I don’t run every day. Usually my dogs and I run a couple of days in a row, then take a day off. Rarely I’ll run three days in a row but leaving Finn home one of those days, which breaks my heart, seeing his sad eyes as Conall and I head out without him. I tell Finn – and myself – that it preserves his ability to keep running for another few years. With Finn, 12 in December, entering his senior years – although you’d hardly know it based on his enthusiasm for running – I’m careful to not let him overdo it.
So I incorporate lots of “rest days” into our running life. Our rest days, though, include some sort of morning walk, whether in the forest or along a country road in the valley. At least two miles, sometimes four, the dogs following their noses, leaping after imaginary voles or chasing squirrels up trees. Every morning, every day, we either run or walk.
This morning was a rest day. The boys and I walked along our favorite valley road, out and back along a one mile stretch of pavement (rare around here where gravel roads are the norm, and welcome in shoulder/mud seasons). There’s little traffic, only one ranch among the pastures, and both sides of the road are lined with wide ditches full of tall grasses, hiding voles for the dogs to try to flush. The boys leap, dig, run, sniff and sometimes eat something disgusting. They love this routine, never seem to be bored by it.

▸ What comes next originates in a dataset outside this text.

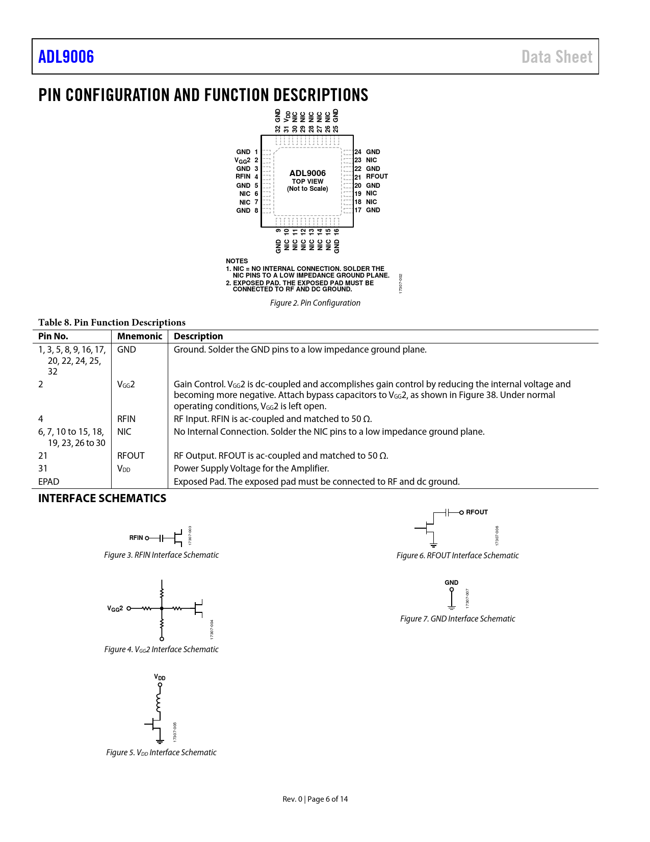 ADL9006. Data Sheet. PIN CONFIGURATION AND FUNCTION DESCRIPTIONS. GND 1. 24 GND. GG2. 23 NIC. GND 3. 22 GND. RFIN 4. 21 RFOUT. TOP VIEW. GND 5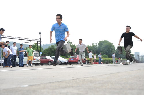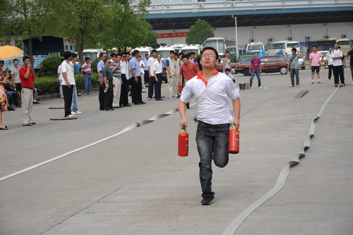 各分公司、子公司的11支義務(wù)消防隊參加了消防接力比賽。經(jīng)過角逐,集團(tuán)本部、伊翔公司、客運東站分獲比賽前三名。

To keep my own senses engaged while walking with the boys along this relatively short stretch of road, I focus on the landscape. Seasons are distinct here, and watching them come and go, with all of their changes provides endless fascination. I take gobs of photos during these walks, and enjoy editing them once back at the house. There’s always something new to see, a new angle or aspect.
The fog was thick at daybreak. I waited for it to lift but it was stubborn and the boys impatient. When it finally thinned, we headed out. While it wasn’t terribly cold, the fog allowed a thick frost to drop overnight, adding sparkling white ice crystals to the plants, fence posts and barbed wire lining the road. The rising sun worked hard to burn through the remaining fog, slowly melting away the layer of frost. The landscape feels smaller, more intimate, in these conditions. I let my mind and camera focus more close-in. The scenery is so devoid of color now that many of the photos appear to be black and white.
Feature black and white photo: a green metal gate, dripping with melted frost, frames a fog-filled pasture.